Deployed a nightly containing the fix for one of the affected workloads, not that there was any doubt but it's looking good 😀
— Nick Ebbitt (@nickebbitt) December 7, 2021
You can see multiple 17.0.1 deployments with StringDeduplication on/off, the final one with -XX:+UseStringDeduplication and the fix
Thanks @shipilev 👏 pic.twitter.com/GdrhCSv5GM
At the time of writing this Java 17.0.2 is due to be released as part of the scheduled quarterly updates.
Once available our process for producing the Java 17 base Docker image will pick up the new version and our consumer applications will start to use it.
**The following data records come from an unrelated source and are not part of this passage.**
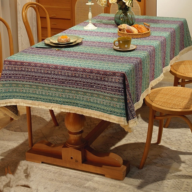- テーブルクロス 長方形 布 おしゃれ リネン アジアン 大判 厚手 幾何学 高級感 ストライプ カラフル ジャガード織 フリンジ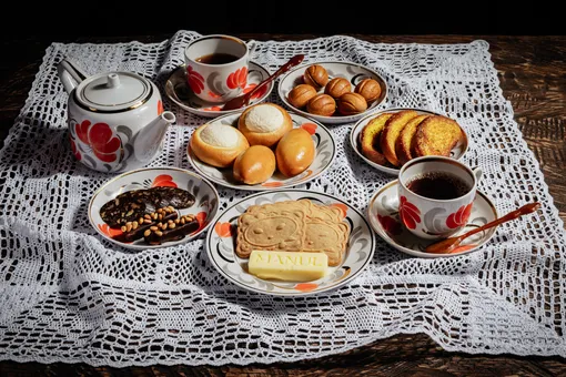 «Чаепитие у бабушки» от шеф-кондитера ресторана Полины Андреевой — это погружение в атмосферу детства, согретое треском огня и ароматами чая со смородиной и мятой. А еще отличный способ согреться и чудесно провести время вдвоем после прогулки по зимней Москве. Всё здесь продумано до мелочей: сервиз «Ноготки» 1960-х годов с крупными оранжевыми цветами и золотой каймой, кружевные салфетки, любимые сладости из детства.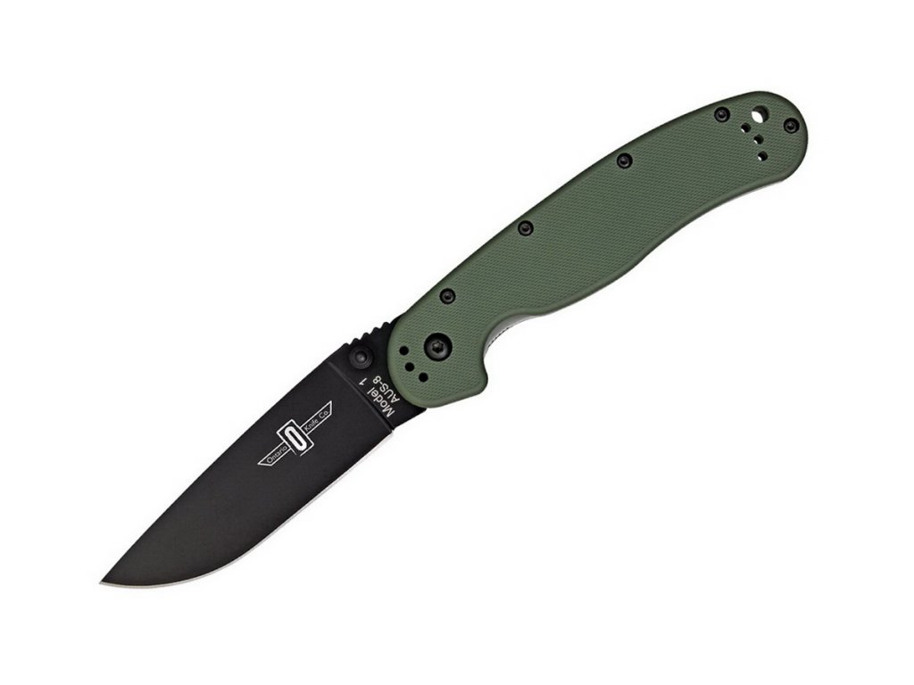 Az Ontario RAT-1 az Ontario Knife Company és a Randall's Adventure & Training együttműködésével jött létre. A RAT 1 egy mindennapi használatra szánt hajtogató kés, amely évek óta bevált. Az AUS-8 rozsdamentes acél penge fekete felületű és lapos élezésű. A 8,9 cm-es penge hossza és az drop point alakja kiváló univerzális zárókéssé teszi. Markolatk olivazöld nejlonból, acél markolattal, béléses zárral.A markolat nagyon jó fogású az ergonómikus formának és a mutatóujj markáns mélyedésének köszönhetően. A kés felakasztására szolgáló kapocs négy helyzetben megfordítható, és a kés egyaránt alkalmas jobbkezesek és balkezesek számára egyaránt.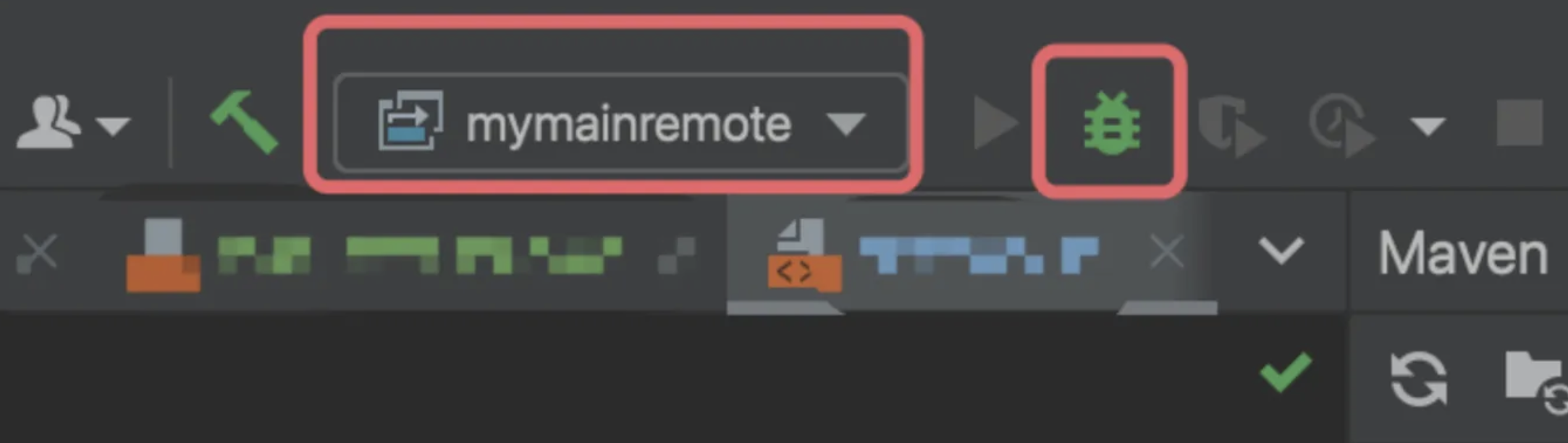 如下图,在idea的主界面,右上角,找到调试的按钮,在调试按钮左侧的下拉列表选择刚才创建的远程启动项,进行调试,如下例图: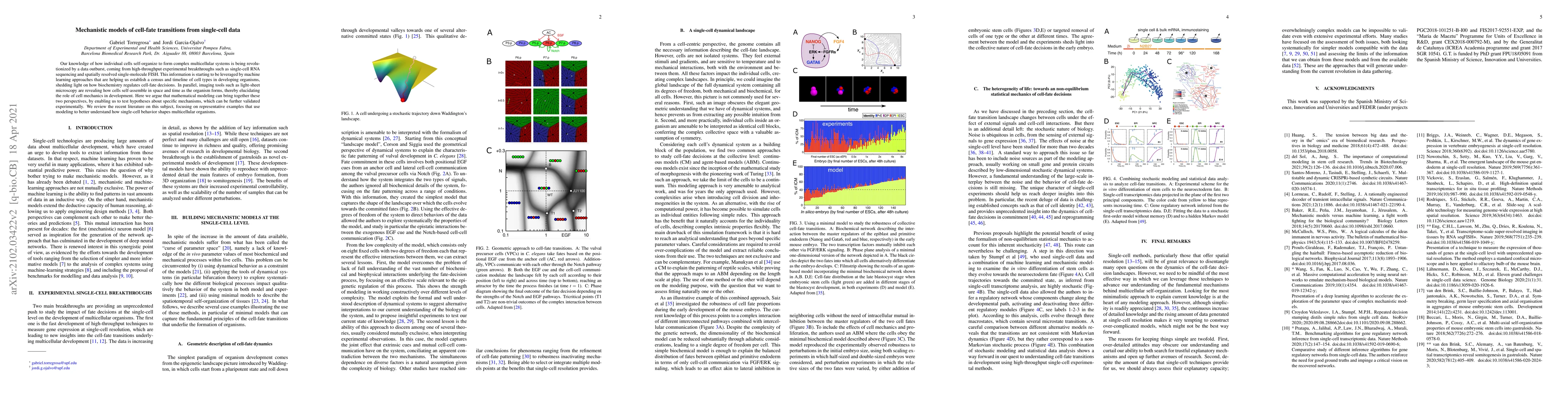 The paper reviews recent literature on mechanistic models of cell-fate transitions from single-cell data, integrating high-throughput experimental data with mathematical modeling and imaging tools.
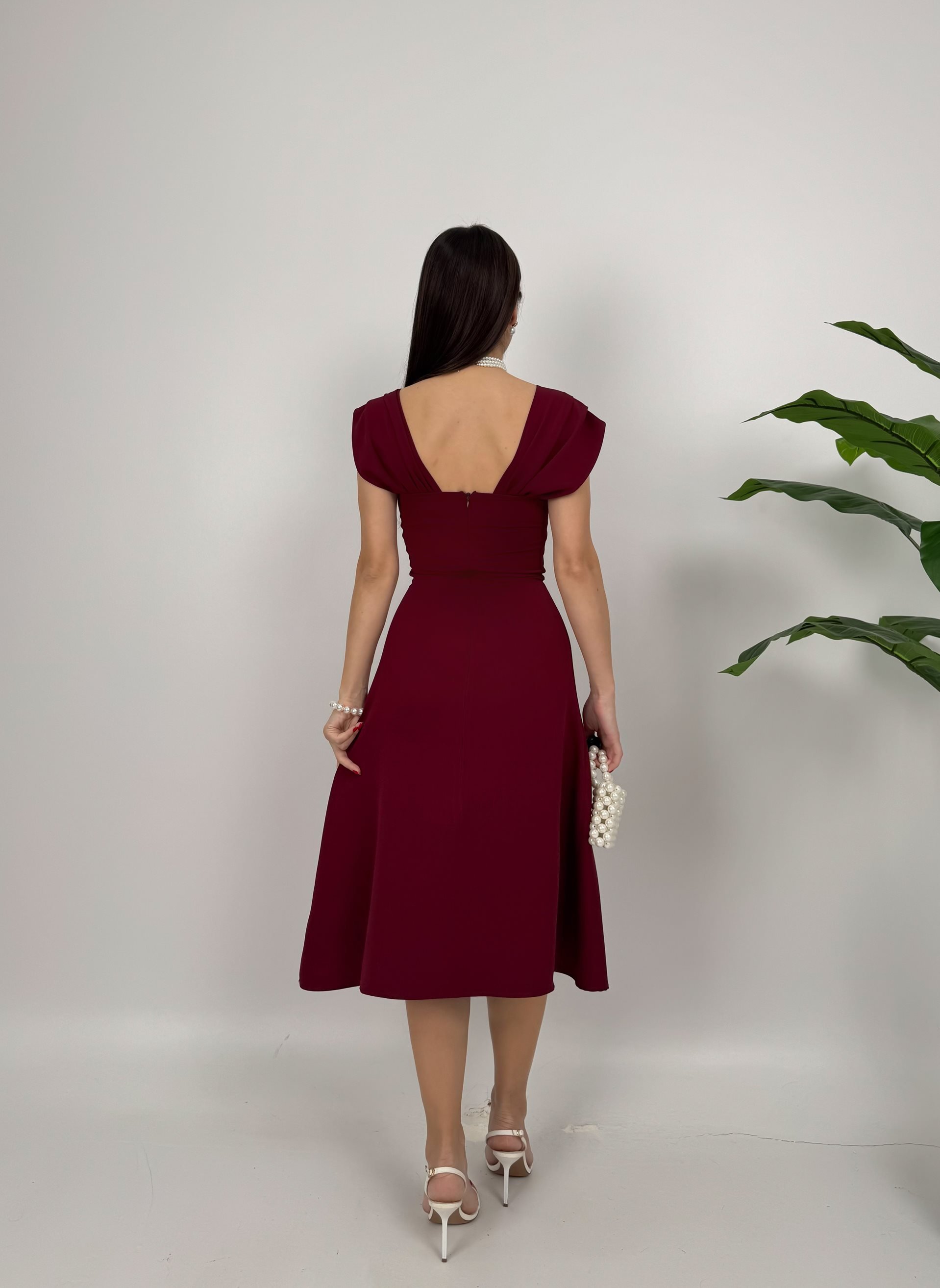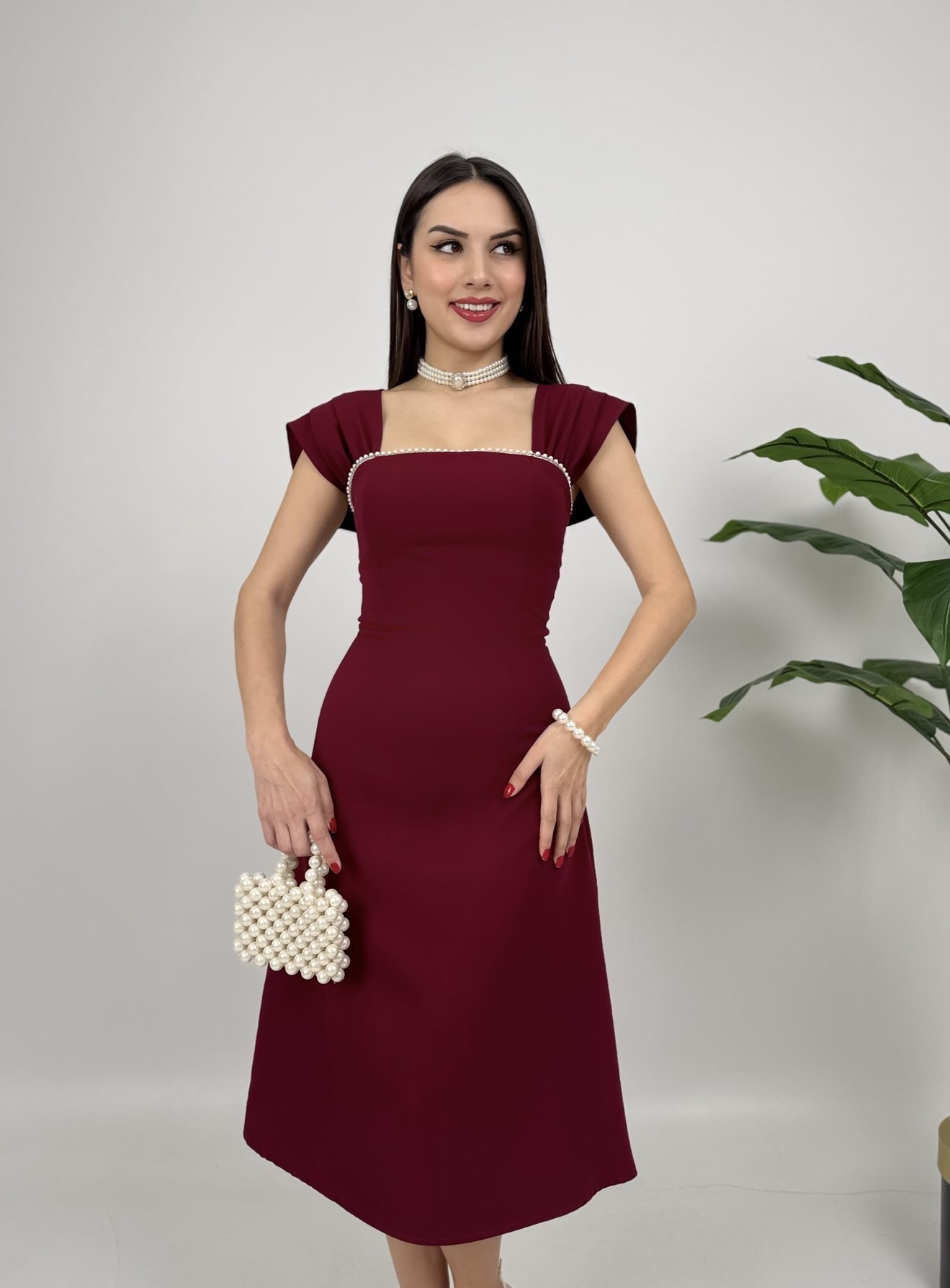 2117 GÖĞÜSÜ ŞERİT İNCİ DETAY ELBİSE BURGUNDY - BORDO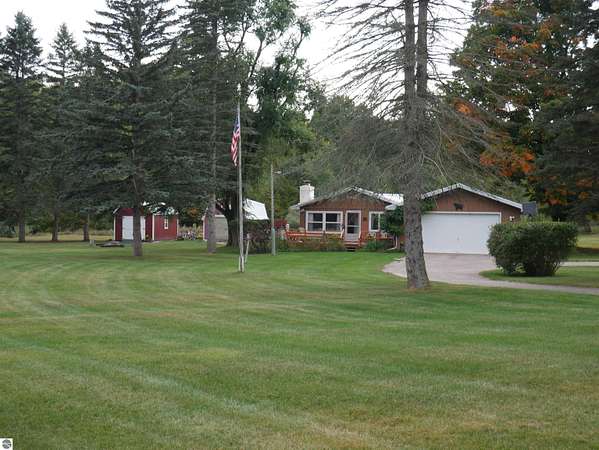 Move right into this well-kept 2-bedroom, 2-bath home set on 3 beautiful peaceful acres with a large yard, apple trees, and abundant wildlife. Inside you'll find inviting knotty pine walls, hickory cabinets, and a cozy wood-burning fireplace. A spacious front deck is perfect for relaxing and enjoying the peaceful surroundings. Close to thousands of acres of Huron National Forest and endless snowmobile and ATV trails! Updates include a new roof and electric panel (2024) new bladder tank and pump (2022). Property features an attached 2-car garage plus two storage sheds (24x26 and 12x20 both with electric) for all your equipment and toys. This home combines rustic charm with modern updates--ready for you to enjoy!

We’ll also then consider re-enabling String Deduplication
with renewed confidence in Java 17.
I hope you enjoyed this little story.
I shared it because, for me, it demonstrates one of the power of the Java community, as well as a good side of social media.
Sometimes it takes the actions of one person to choose to engage and connect other people to trigger a series of events that result in a better environment for all.
In this case it was the connection from me to Aleksey Shipilëv by Steven Willems that made all the difference.
That one connection has resulted in a native memory leak in Java 17 being fixed, improving the future operability of the JVM platform for millions of developers and organisations worldwide.